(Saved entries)
========================

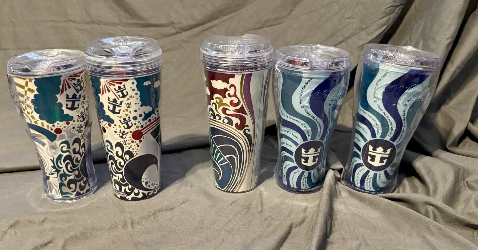 ? Sip in cruise style! This bundle includes five official Royal Caribbean Coca-Cola tumblers featuring bold nautical designs and the iconic Royal Caribbean Crown Anchor logo. These double-walled tumblers are great souvenirs from various ships across the fleet ? perfect for collectors, travelers, or everyday use!
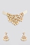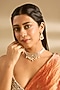 Featuring a gold finish choker necklace studded with moissanite stones, set in mixed metal. It is paired with a matching pair of earrings. Perfect for festive occasions, weddings or cultural events, this jewellery is a wardrobe must for those who love to shine effortlessly.
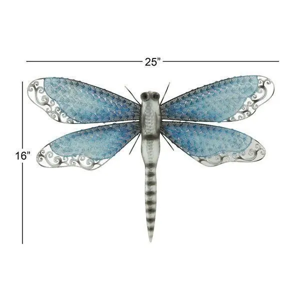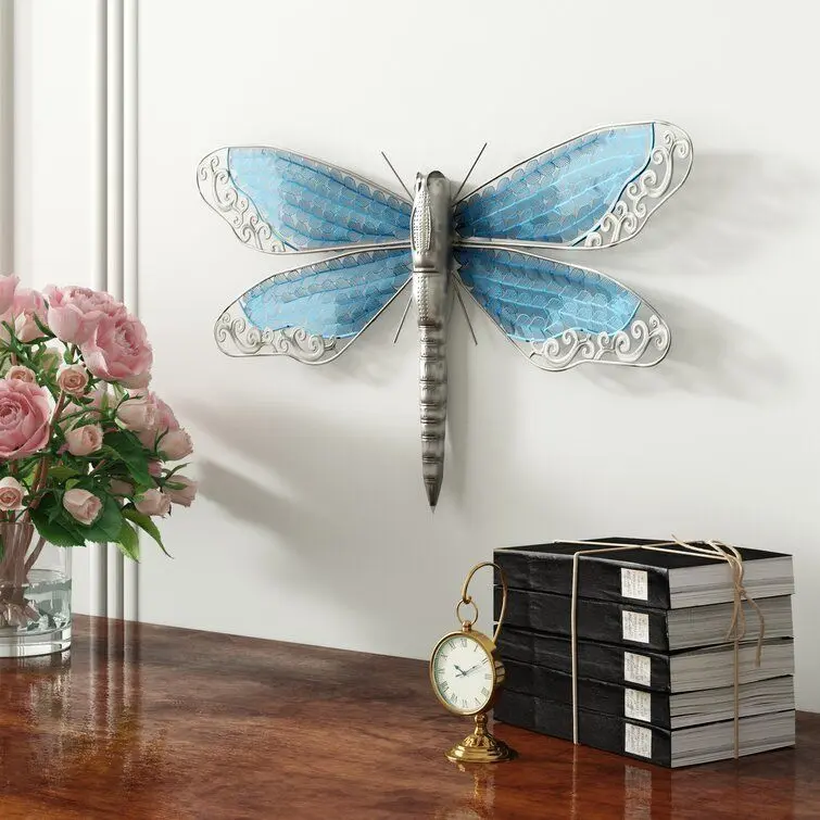 - Add some bit of eclectic-inspired insect decoration into your rustic, industrial, and ambient-styled home with this silver and blue dragonfly wall art!
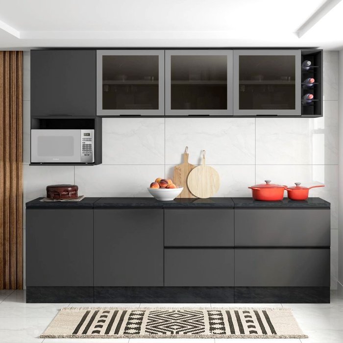 Composição Cozinha Modulada Etna 7 Peças Poliman Grafite
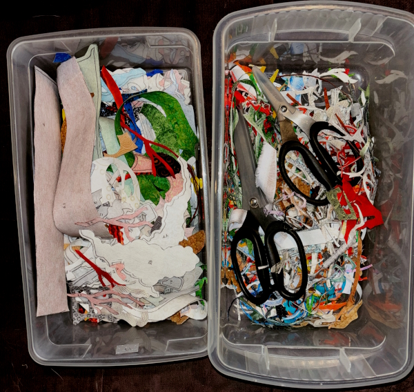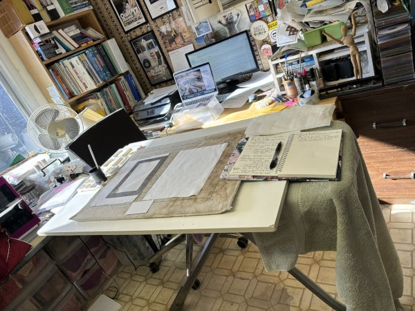 Then I stared at them and tried to decide what to do. These are all just random drawings, mostly while camping or traveling, some during the Winter Break Draw-a-Day things I like to do (no time this year). So they don’t have a purpose or a theme to them, which is fine. I think of them as practice for the real stuff, but although I feel like I just finished some really complicated stuff (still recovering from the Supreme Court quilt), I can’t just do a light, easy quilt right now. And most of these roll in that realm. Not really light, but not really purposeful. So I picked this top one (of the 11) and added paper to the bottom…which is where I’ll add some purpose. Whatever that is. I have some ideas, just not fully formed.
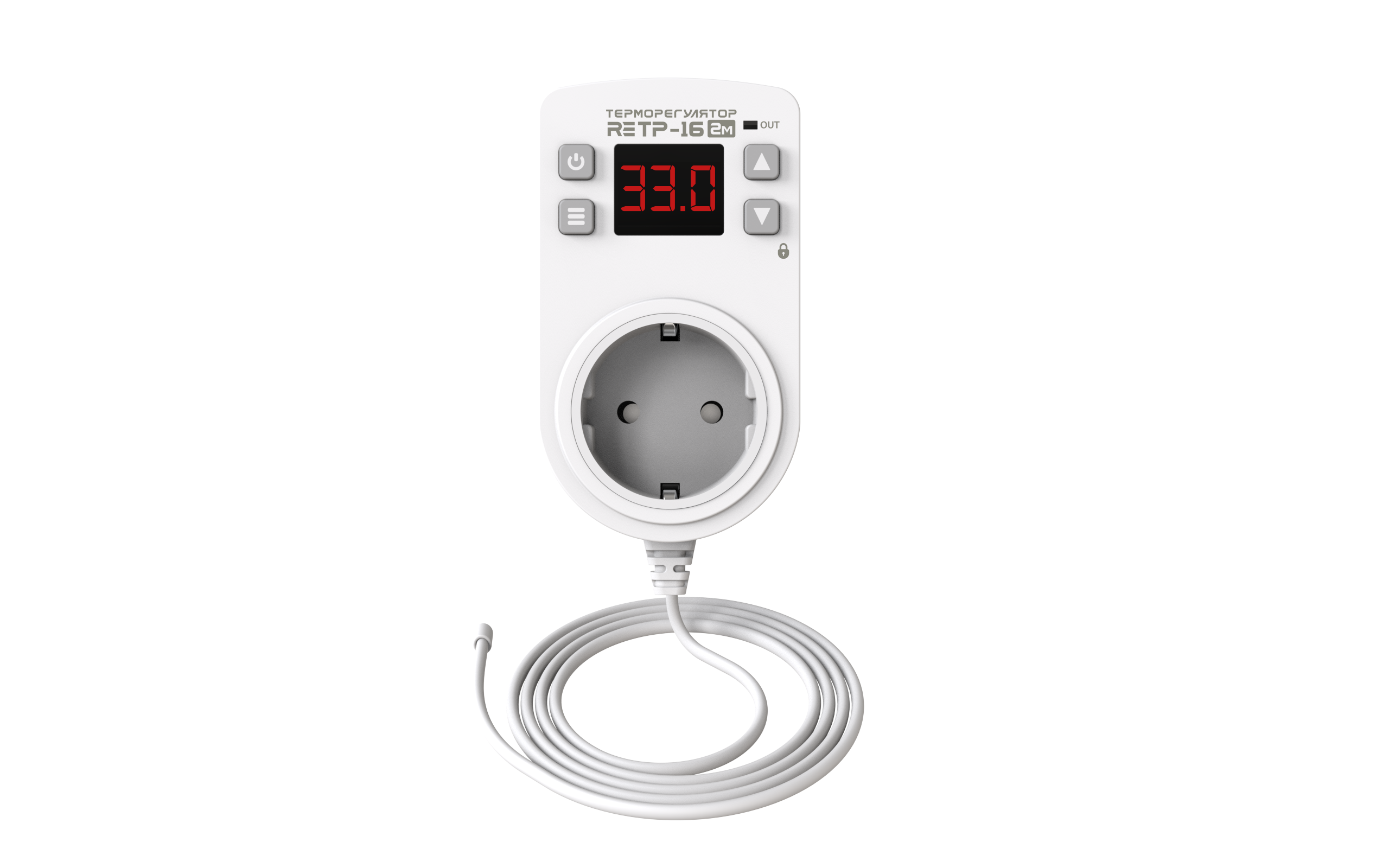 Одноканальный,  с выносным датчиком, предназначен для  управления нагревом или охлаждением в диапазоне температур от -50  до +125 ºС,  Монтаж непосредственно в розетку.
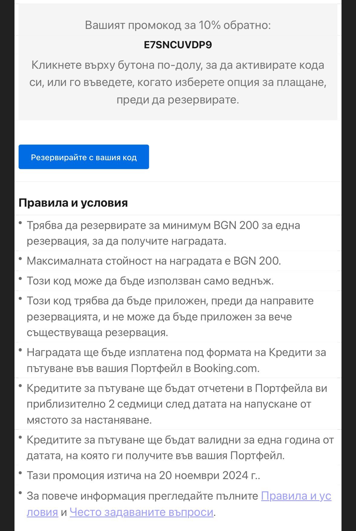 код за букинг, валиден до 20.11
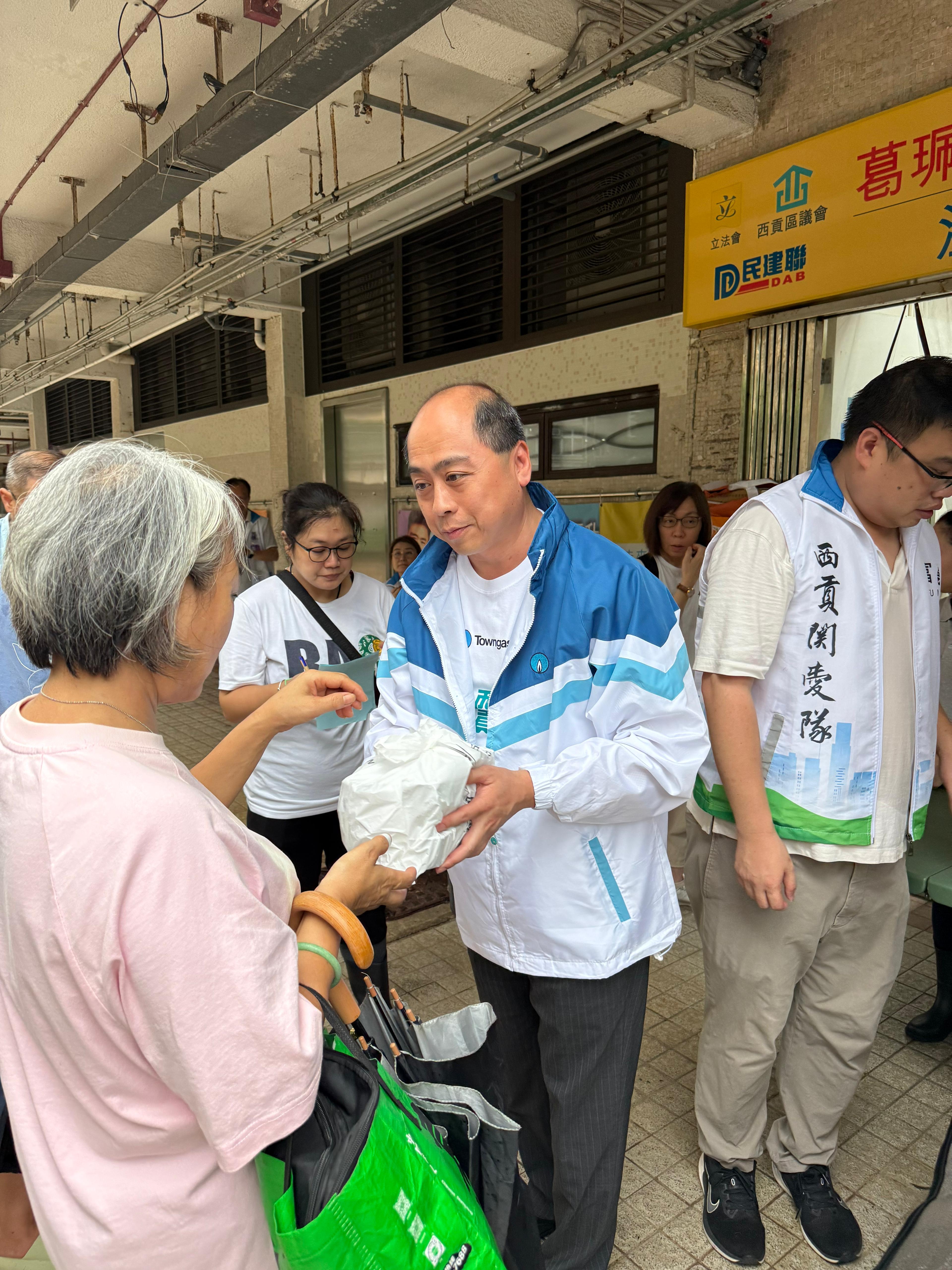 黑色暴雨警告生效期间,煤气公司管理层亲赴多区支援基层家庭及有需要人士。图为煤气公司营运总裁—香港业务郑晓光在将军澳景林村向受停电影响的居民派发饭盒。

========================

THE TASK >> Exercise for the records above: copy only the lines from the one with "Featuring a gold" to the one with "Composição Cozinha Modulada", both ends kept, and drop the pictures.

THE COMPLETED TASK >>
 Featuring a gold finish choker necklace studded with moissanite stones, set in mixed metal. It is paired with a matching pair of earrings. Perfect for festive occasions, weddings or cultural events, this jewellery is a wardrobe must for those who love to shine effortlessly.
 - Add some bit of eclectic-inspired insect decoration into your rustic, industrial, and ambient-styled home with this silver and blue dragonfly wall art!
 Composição Cozinha Modulada Etna 7 Peças Poliman Grafite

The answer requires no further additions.